**What to do**. Where the listing below has a line with "MPO (MTP*) Adapters", write out exactly that line and every line after it, stopping after the line with "View of Tyntesfield House".

**Provided records**.
......

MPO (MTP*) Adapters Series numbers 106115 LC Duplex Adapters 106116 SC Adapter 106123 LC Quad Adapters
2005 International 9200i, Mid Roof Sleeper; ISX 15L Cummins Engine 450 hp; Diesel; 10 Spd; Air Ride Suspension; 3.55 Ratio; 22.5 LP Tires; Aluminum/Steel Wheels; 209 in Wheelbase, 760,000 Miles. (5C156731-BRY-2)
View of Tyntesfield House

......

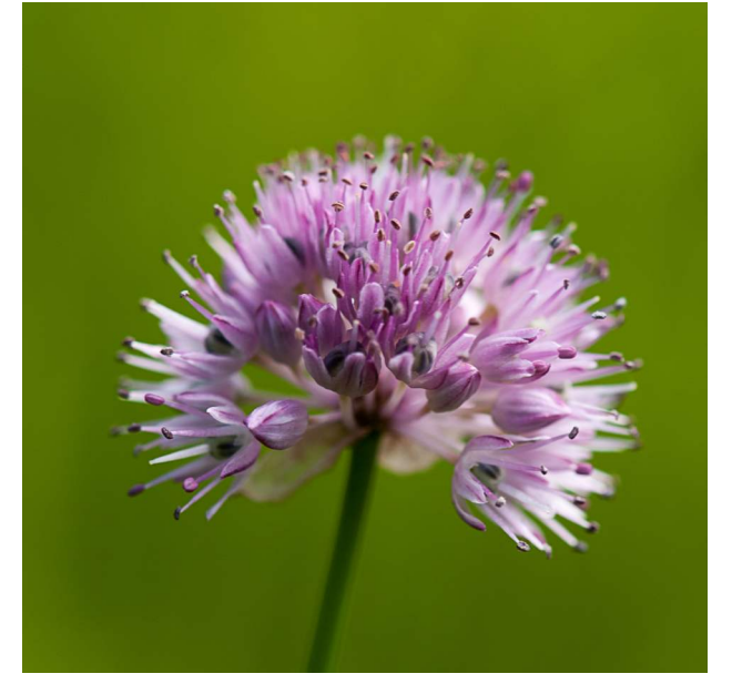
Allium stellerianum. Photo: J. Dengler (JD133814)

......

**Written response**.
MPO (MTP*) Adapters Series numbers 106115 LC Duplex Adapters 106116 SC Adapter 106123 LC Quad Adapters
2005 International 9200i, Mid Roof Sleeper; ISX 15L Cummins Engine 450 hp; Diesel; 10 Spd; Air Ride Suspension; 3.55 Ratio; 22.5 LP Tires; Aluminum/Steel Wheels; 209 in Wheelbase, 760,000 Miles. (5C156731-BRY-2)
View of Tyntesfield House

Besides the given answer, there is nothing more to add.